As shown in Table 1, among the 33 terms identified by GO-function, 17 terms were also found by PCU, and another 16 terms that were retained by GO-function according to Rule 1-1 were missed by PCU because the frequency of DE genes in their parent terms were higher than the random background. For example, the term ‘protein modification by small protein conjugation’ (GO:0032446) was annotated with 235 genes, including 159 DE genes; the term was significant when the background was set to include all annotated genes measured in the microarray data (adjusted P = 3.9E-4). However, it was not significant when using its parent term ‘protein modification by small protein conjugation or removal’ (GO:0070647), which were annotated with 265 genes, including 178 DE genes, as the background (adjusted P = 1.0). However, after the removal of genes associated with the term ‘protein modification by small protein conjugation’, the remaining genes associated with ‘protein modification by small protein conjugation or removal’ had lower frequencies of DE genes (63.3%) than did ‘protein modification by small protein conjugation’ (67.7%) and were not enriched with DE genes (P = 0.14). Thus, only ‘protein modification by small protein conjugation’ was retained by GO-function.

Using elim with an FDR of 5%, 24 terms enriched with DE genes were found, among which 15 terms were also found by GO-function. Another nine terms were replaced by their ancestor terms identified by GO-function during local redundancy treatment according to Rule 1-2. All terms found by elim are described in Supplementary Table S2. Of the 33 terms (Table 1) identified by GO-function, 15 were also found by elim, and 18 were the ancestor terms of some terms found by elim and retained by GO-function according to Rules 1-2 and 1-3. For example, as shown in Figure 2B, when using elim, the term ‘positive regulation of ubiquitin–protein ligase activity during mitotic cell cycle’ (GO:0051437) was found to be significant, and its ancestor term, ‘positive regulation of ligase activity’ (GO:0051351), was removed due to redundancy. After removing the genes in the term ‘positive regulation of ubiquitin–protein ligase activity during mitotic cell cycle’, there remained only six genes associated with ‘positive regulation of ligase activity’, among which all genes were DE genes that were not significant according to elim (adjusted P = 1.0). However, the frequency of DE genes among the remaining genes in the ancestor term was 100%, which was higher than the frequency (87.7%) of DE genes in the offspring term ‘positive regulation of ubiquitin–protein ligase activity during mitotic cell cycle’. Thus, the non-significance of ‘positive regulation of ligase activity’ was simply due to the lower statistical power of detecting the significance of the enrichment of DE genes in a smaller gene set. Meanwhile, the frequency of DE genes in the offspring term was not significantly different from that in the ancestor term (P = 1.0). Thus, GO-function retained only the ancestor term ‘positive regulation of ligase activity’ as the disease relevant term. For another example, elim found term ‘rRNA processing’ (GO:0006364) (adjusted P = 4.2E-7). After removing genes in this term, the frequency of DE genes among the remaining genes in its ancestor term ‘ribosome biogenesis’ (GO:0042254) was 93.6%, which was higher than the frequency (88.3%) of DE genes in the offspring term ‘rRNA processing’. Meanwhile, the frequency of DE genes in the offspring term was not significantly different from that in the ancestor term (P = 0.94). Thus, GO-function retained only the ancestor term ‘ribosome biogenesis’.

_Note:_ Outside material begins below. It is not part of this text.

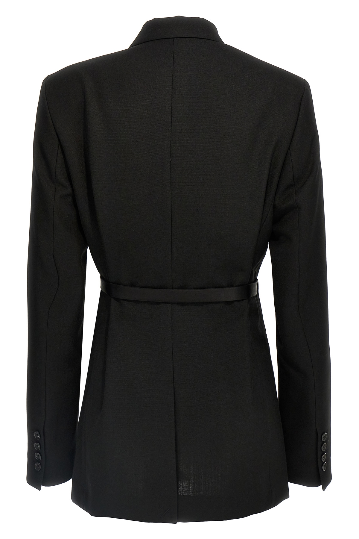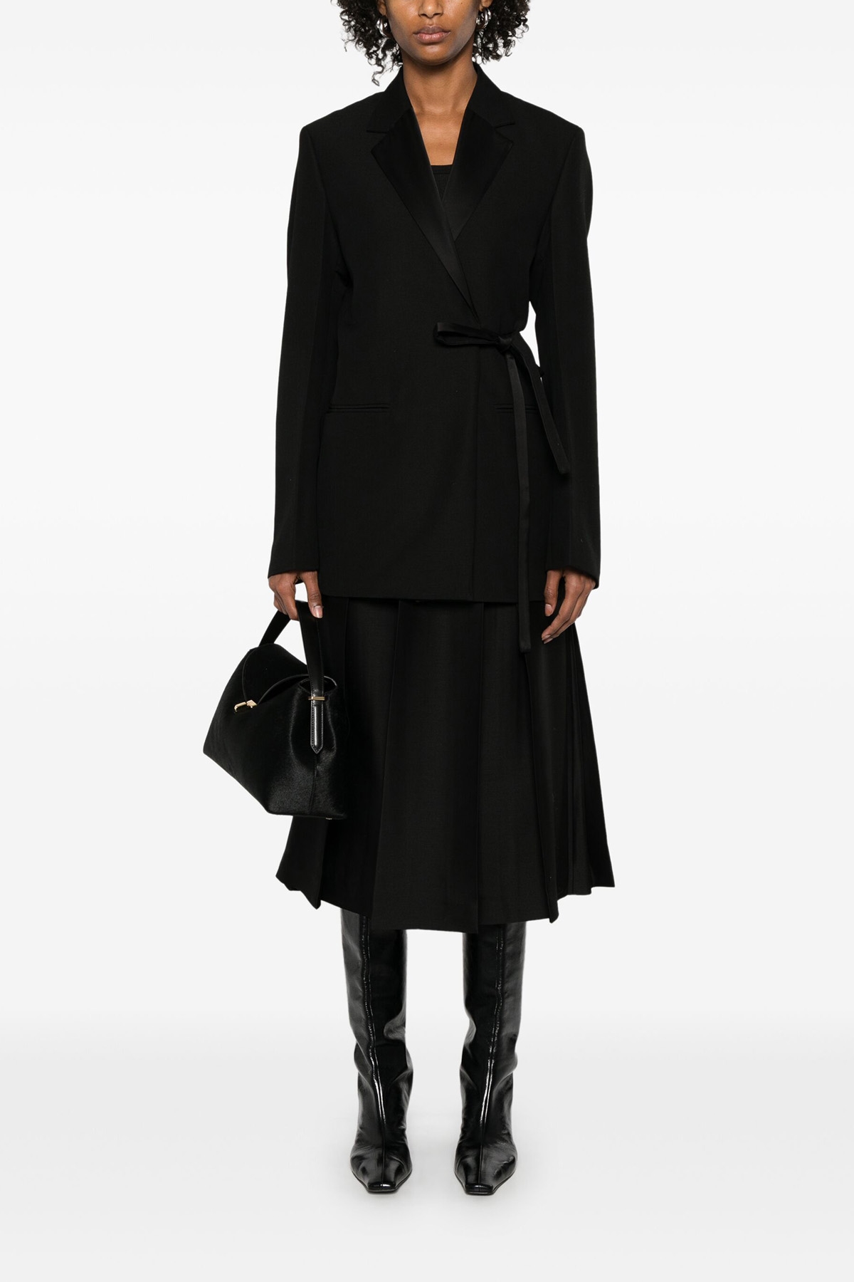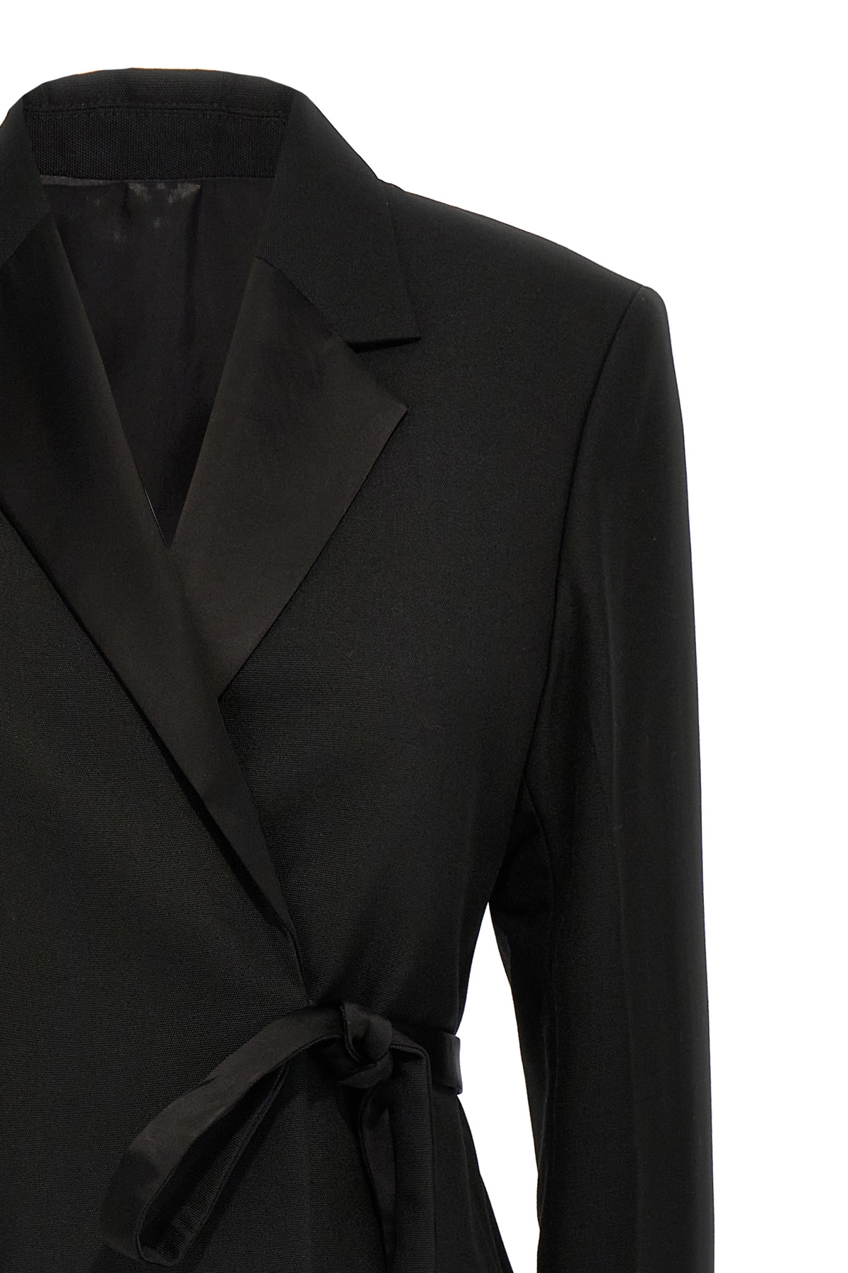 Viscose blend wallet blazer with glossy satin inserts, lace-up closure, mirror lapels, long sleeves, and back split.

Then, we analysed the data by GO-function using various P-value cutoffs for local redundancy treatment, and compared the results with the terms found by PCU and elim, respectively. Setting the P-value cutoff as 0.005, 0.01, 0.05 and 0.1, we found that the PO score (see ‘Materials and Methods’ section) took values ranging from 40.4 to 42.1% when comparing GO-function with PCU and from 54 to 57.8% when comparing GO-function with elim. Taken together, the above results indicated that terms found by PCU and elim are rather different from the terms found by GO-function.

Finally, we compared the terms found by GO-function using the P-value cutoff of 0.05 with the terms found by GO-function using other P-value cutoffs (0.005, 0.01 and 0.1) for local redundancy treatment. The results showed that the PO score took values ranging from 75.6% to 93.4%. When using various P-value cutoffs (0.005, 0.01 and 0.1) for both local and global redundancy treatments, the PO score between the final term lists took values ranging from 74.5% to 94.6%. These results indicated that GO-function is rather robust when using different P-value cutoffs.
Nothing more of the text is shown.